RECORDS SUPPLIED:
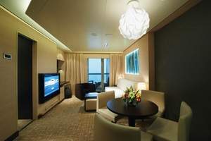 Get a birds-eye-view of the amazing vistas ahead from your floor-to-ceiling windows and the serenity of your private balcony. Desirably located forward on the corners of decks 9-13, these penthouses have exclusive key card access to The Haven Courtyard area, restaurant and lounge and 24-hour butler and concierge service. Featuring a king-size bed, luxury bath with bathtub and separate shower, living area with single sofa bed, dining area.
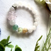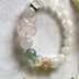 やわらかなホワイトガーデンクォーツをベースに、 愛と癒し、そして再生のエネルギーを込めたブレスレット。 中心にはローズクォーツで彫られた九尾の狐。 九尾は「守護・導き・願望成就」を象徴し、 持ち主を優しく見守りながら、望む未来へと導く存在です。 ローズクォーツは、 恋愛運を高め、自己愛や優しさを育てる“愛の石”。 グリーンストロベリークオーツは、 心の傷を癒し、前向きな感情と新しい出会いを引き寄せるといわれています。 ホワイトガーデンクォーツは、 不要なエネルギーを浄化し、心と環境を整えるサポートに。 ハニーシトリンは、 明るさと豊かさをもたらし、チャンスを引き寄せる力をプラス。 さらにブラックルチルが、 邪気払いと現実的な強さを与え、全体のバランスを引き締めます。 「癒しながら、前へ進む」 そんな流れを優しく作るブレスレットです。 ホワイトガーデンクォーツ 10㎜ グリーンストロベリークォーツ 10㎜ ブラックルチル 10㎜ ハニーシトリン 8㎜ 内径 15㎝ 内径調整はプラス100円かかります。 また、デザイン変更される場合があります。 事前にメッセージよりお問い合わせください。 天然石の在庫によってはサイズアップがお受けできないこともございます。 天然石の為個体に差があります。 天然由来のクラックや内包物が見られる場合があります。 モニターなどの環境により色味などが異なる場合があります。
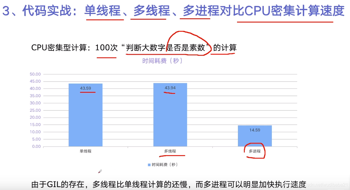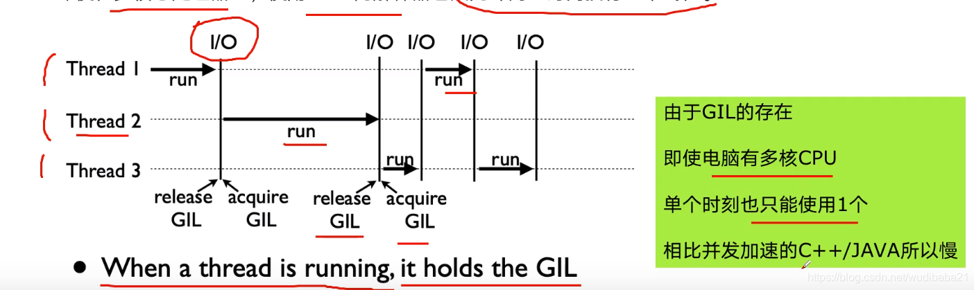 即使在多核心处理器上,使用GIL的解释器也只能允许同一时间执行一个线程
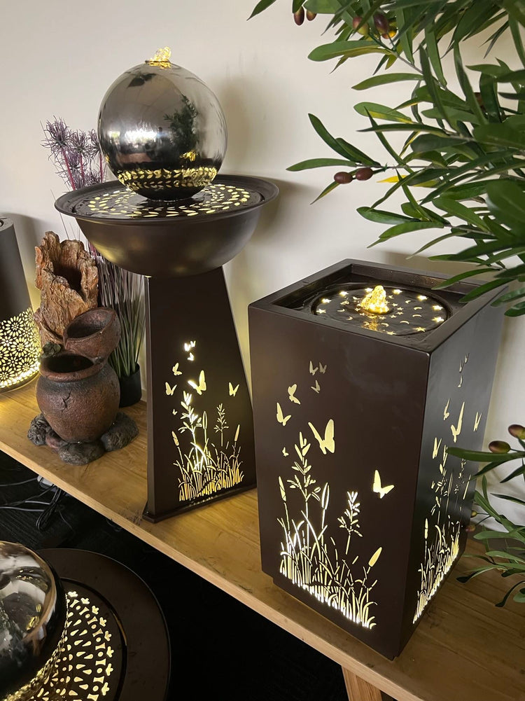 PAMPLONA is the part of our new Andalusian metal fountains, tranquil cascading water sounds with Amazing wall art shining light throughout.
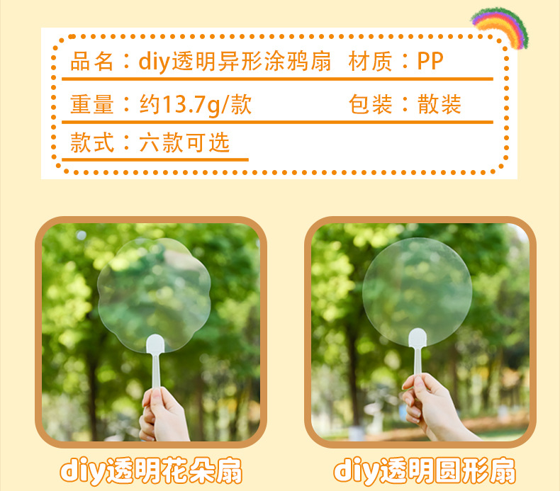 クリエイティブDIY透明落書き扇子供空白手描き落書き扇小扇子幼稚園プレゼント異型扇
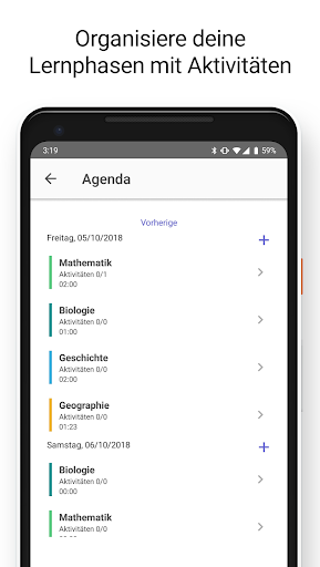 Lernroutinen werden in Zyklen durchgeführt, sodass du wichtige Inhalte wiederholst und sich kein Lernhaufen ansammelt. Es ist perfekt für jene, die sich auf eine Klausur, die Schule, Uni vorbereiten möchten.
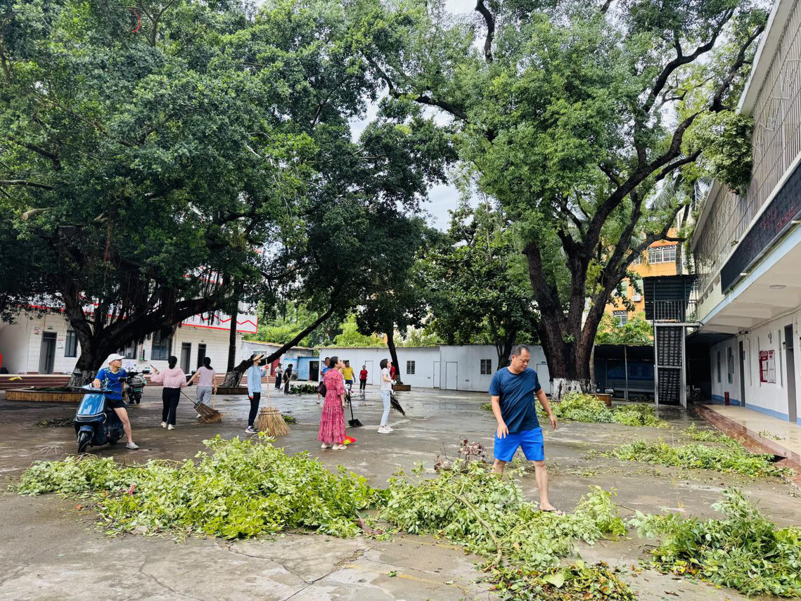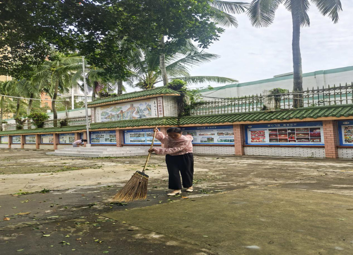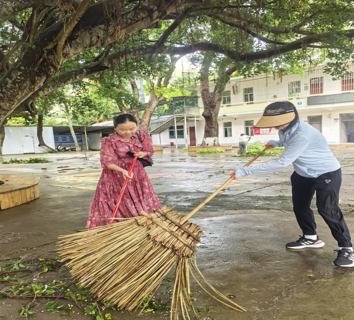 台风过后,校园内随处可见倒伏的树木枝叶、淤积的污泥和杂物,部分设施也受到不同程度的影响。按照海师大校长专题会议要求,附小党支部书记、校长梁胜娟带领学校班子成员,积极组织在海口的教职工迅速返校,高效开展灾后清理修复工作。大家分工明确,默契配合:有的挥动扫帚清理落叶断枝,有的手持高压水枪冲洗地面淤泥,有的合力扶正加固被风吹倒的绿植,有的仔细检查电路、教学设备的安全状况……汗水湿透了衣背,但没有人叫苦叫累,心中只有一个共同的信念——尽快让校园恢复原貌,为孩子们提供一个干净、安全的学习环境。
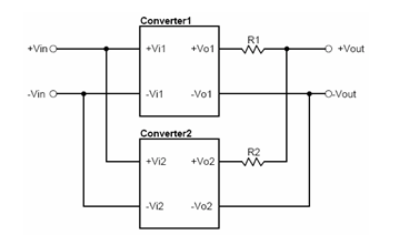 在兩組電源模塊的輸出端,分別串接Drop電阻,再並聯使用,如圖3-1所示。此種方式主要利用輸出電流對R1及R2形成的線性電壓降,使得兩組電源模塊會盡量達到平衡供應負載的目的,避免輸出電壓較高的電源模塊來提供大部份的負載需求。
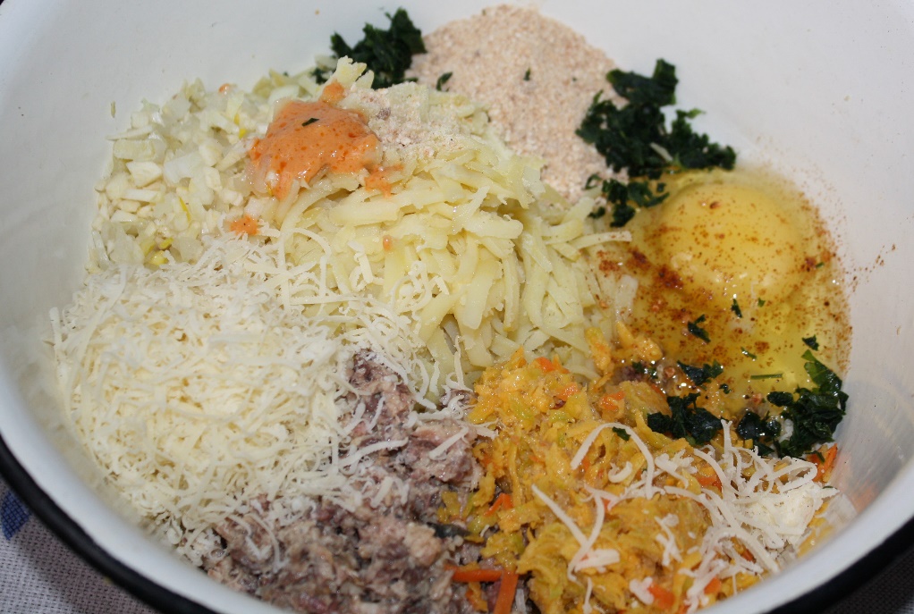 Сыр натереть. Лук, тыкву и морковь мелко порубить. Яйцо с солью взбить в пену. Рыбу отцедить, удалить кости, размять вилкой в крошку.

==

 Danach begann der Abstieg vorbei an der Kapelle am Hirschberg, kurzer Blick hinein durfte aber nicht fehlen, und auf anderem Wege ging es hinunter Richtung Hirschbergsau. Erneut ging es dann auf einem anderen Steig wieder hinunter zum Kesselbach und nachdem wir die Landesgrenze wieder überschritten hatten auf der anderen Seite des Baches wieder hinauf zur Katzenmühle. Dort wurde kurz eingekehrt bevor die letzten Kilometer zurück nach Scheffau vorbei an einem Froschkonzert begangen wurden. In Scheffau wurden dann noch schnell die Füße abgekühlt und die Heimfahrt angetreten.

TASK TO CARRY OUT:
Write out, word for word, the stretch of entries that begins at the line with "PAMPLONA is the" and ends at the line with "Lernroutinen werden in". Pictures do not belong in it.

RESPONSE AREA:
 PAMPLONA is the part of our new Andalusian metal fountains, tranquil cascading water sounds with Amazing wall art shining light throughout.
 クリエイティブDIY透明落書き扇子供空白手描き落書き扇小扇子幼稚園プレゼント異型扇
 Lernroutinen werden in Zyklen durchgeführt, sodass du wichtige Inhalte wiederholst und sich kein Lernhaufen ansammelt. Es ist perfekt für jene, die sich auf eine Klausur, die Schule, Uni vorbereiten möchten.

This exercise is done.